Need to implement the new data plane list endpoint.

Solution

Update generated code. Pull in list endpoint. All changes under pinecone/core are generated from spec files and can be ignored for this review.
Implement changes for list endpoint in:
- pinecone/data/index.py main implementation
- pinecone/grpc/index_grpc.py main implementation
- tests/integration/data/conftest.py adjustments to test setup, mainly to generate a new namespace to hold vectors for list testing data.
- tests/integration/data/seed.py to upsert a larger number of vectors, so I would have enough data to page through
- tests/integration/data/test_list.py
- tests/integration/data/test_list_errors.py

Open questions

Do we expect to ever return more data than just {'id': '1'} in the vectors array? For convenience the list() method is currently implemented as a generator function that abstracts the pagination steps and yields a flat list of id values. For a use case where you were going to immediately fetch those ids, this seems ideal. But would be limiting if we ever wanted to return more than just ids here.

Usage

Install the dev client version install "pinecone-client[grpc]"==3.1.0.dev1

REST

from pinecone import Pinecone

pc = Pinecone(api_key='xxx')
index = pc.Index(host='hosturl')

# To iterate over all result pages using a generator function
for ids in index.list(prefix='pref', limit=3, namespace='foo'):
    print(ids) // ['pref1', 'pref2', 'pref3']

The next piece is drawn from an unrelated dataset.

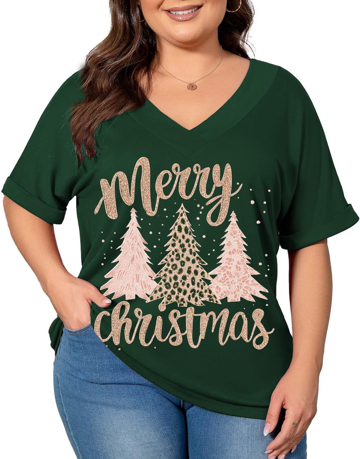 Women's Plus Size Casual V Neck T-Shirt Loose Fit Short Sleeve Blouse Curvy Tunic Top Fashion Clothing

# For manual control over pagination
results = index.list_paginated(
    prefix='pref', 
    limit=3, 
    namespace='foo', 
    pagination_token='eyJza2lwX3Bhc3QiOiI5IiwicHJlZml4IjpudWxsfQ=='
)
print(results.namespace)
print([v.id for v in results.vectors])
print(results.pagination.next)
print(results.usage)

GRPC

from pinecone.grpc import PineconeGRPC

pc = PineconeGRPC(api_key='xxx')
index = pc.Index(host='hosturl')

# To iterate over all result pages using a generator function
for ids in index.list(prefix='pref', limit=3, namespace='foo'):
    print(ids) // ['pref1', 'pref2', 'pref3']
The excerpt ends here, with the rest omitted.